Оправясь от болезни, Круглов почти никогда не вспоминал прошлое и думал только, как пойдет его жизнь, когда он вернется в свою семью. Он часто пытался и никак не мог представить, какими же стали теперь его дети. Они все казались ему маленькими, на один рост, хотя отчетливо помнил, что самой старшей Анне, шел уже пятнадцатый год. Да и Наташа представлялась ему как-то смутно, совсем не такой, какой была она при совместной жизни. Отлично помнил Круглов только ее мягкие, шелковистые волосы, старательно убранные в аккуратный пучок.
Всю ночь он, присматривая за лошадьми, все в одном и том же варианте сочинял письмо. Но наступал рассвет, разгорался день, и все, так старательно подобранные слова исчезали из его памяти. Им овладевала сонливость, и он решал сесть за письмо завтра, сразу же после завтрака или, на крайность, после обеда. Эти завтра продолжались у Круглова нескончаемой чередой.
Уже во всю силу разгорелось лето, и в начале июля где-то далеко на востоке, под Орлом и Курском, глухо загудела канонада. Днем она была не так слышна, но по ночам, особенно на утренней зорьке стрельба доносилась отчетливо и ясно. Больше недели стрельба нисколько не приближалась и не удалялась. Но утром двенадцатого июля загудело совсем в другой стороне, намного ближе и яснее. С каждым днем гул заметно нарастал и приближался. Теперь стали говорить, что Красная Армия начала наступление на Орел сразу с трех сторон.
– Чуешь, Паша, – сказал подошедший Васильцов, когда на рассвете Круглов загнал лошадей под деревья, – наши пушечки грохочут, лупят фашистов и в хвост и в гриву.
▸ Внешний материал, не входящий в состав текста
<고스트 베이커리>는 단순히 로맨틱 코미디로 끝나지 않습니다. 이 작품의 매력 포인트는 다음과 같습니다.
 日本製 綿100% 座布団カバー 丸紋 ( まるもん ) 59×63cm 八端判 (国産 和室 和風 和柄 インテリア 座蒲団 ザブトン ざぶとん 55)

Васильцов присел рядом с Кругловым, закурил и, пуская сизые клубы дыма, мечтательно продолжал:
– Идут наши и прямо сюда. Вот соединимся скоро и опять заживем во всю силушку. Тебе-то, конечно, домой придется, здоровье твое слабовато, а я нет, я до их Берлина дойду. Последний гвоздь в гроб фашизма вколочу. Попрошусь только на, недельку семью повидать – и на фронт. Ты в колхоз, конечно, подавайся. Хоть не ахти какое твое здоровьишко, а все подмога колхозу. Там же теперь старый да малый, да бабы разнесчастные. Мужчина – редкость большая.
Теплые душевные слова Васильцова вмиг оживили в потускневшем сознании Круглова картину родной деревни, куда скоро, совсем скоро вернется он и заживет, как говорит Васильцов, во всю силушку. Он уже мысленно начал молить, чтобы гул скорее придвинулся и в леса ворвались наши солдаты. А Васильцов продолжал говорить все так же задумчиво и мечтательно, докуривая одну папиросу и торопливо сворачивая другую.
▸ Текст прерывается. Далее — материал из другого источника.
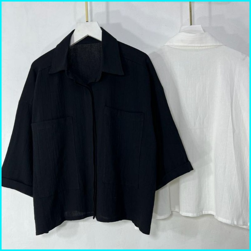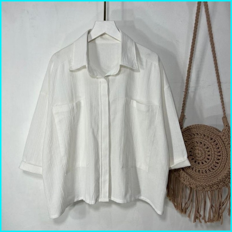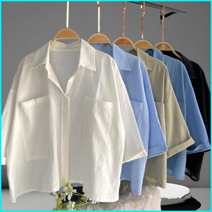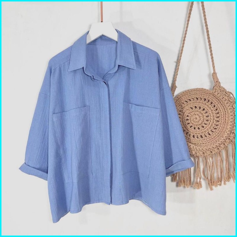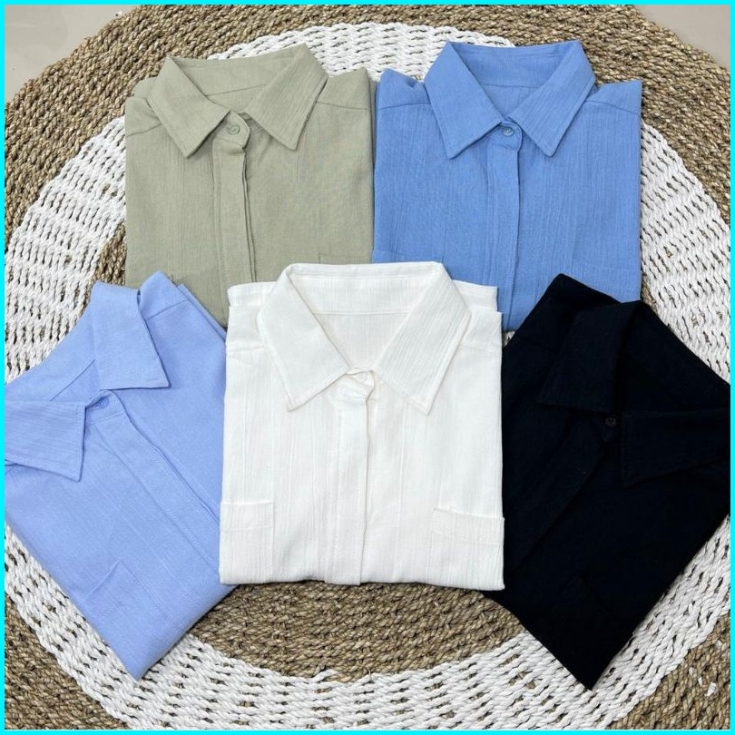 Kemeja Linen Wanita Atasan Wanita Korean Style Kemeja Kantong Terbaru

– А ведь ровно год, как попали мы в плен. Даже в самом кошмарном сне не виделось мне такое. И вот на тебе, очутился в плену. Лежал, помню, из ручного пулемета стрелял, а тут ударило, помню, раз, другой и все провалилось. Очнулся, когда фрицы прикладами охаживали…
Васильцов неожиданно поперхнулся, словно проглотив что-то острое, удушливо закашлялся и, вытирая ладонью слезы, с горечью сказал:
– Вот так и очутился в плену. А будь в сознании, ни в жизнь не захватить бы им меня. Тебя-то, я помню, они тоже чуть живого в подвал приволокли, – сожалеюще добавил он и смолк.
– Да… Я уж и не помню, – прошамкал Круглов, мгновенно вспомнив Костю Ивакина и его полные ненависти слова: «Гадина! Предатель!», которые давно уже затерялись в помутневшей памяти Круглова.
Васильцов еще говорил что-то, но Круглов не слышал. Перед ним, как живое, стояло перекошенное злобой лицо Кости Ивакина, точно такое же, каким он видел его, когда, подняв руки, побежал навстречу наступавшим немцам. Гул канонады в это время заметно возрос, и Круглову почудилось, что он видит там, среди наступавших цепей, Костю Ивакина.
– Ну, отдыхай, сил набирайся, скоро с родными, с нашими встретимся, – сказал Васильцов и, к великой радости Круглова, тут же ушел.
«Наши… Скоро… встретимся… – беспорядочно билось в уме Круглова, – сил набирайся… с нашими встретимся…»
Он обессиленно свалился на траву, чувствуя теплую, отдававшую прелью, захвоенную землю. А в ушах все явственнее и жестче продолжал звучать совсем было позабытый голос Кости Ивакина: «Гадина! Предатель!»
«Да ведь если он жив, то все знают, что я не попался, а сам побежал в плен, – опалила Круглова впервые осознанная им мысль. – Он же командирам рассказал, а те, известно, сразу написали, куда нужно. Какой же мне теперь дом…»
В полном сознании, совсем не чувствуя ни боли в груди, ни ломоты в ногах, ничком лежал он на лесной земле и, как давно с ним не бывало, лихорадочно думал. Конечно, и в деревню сообщили, что сам по себе, добровольно перебежал к немцам. Сразу же власти понаехали, корову, может, отобрали, а может, и всю семью выслали. Ведь сколько же говорили и в присяге писалось, что тех, кто перебегает, ждет самая суровая кара. Ну, может, Наташку и детишек пощадили, а уж корову-то верняком отобрали.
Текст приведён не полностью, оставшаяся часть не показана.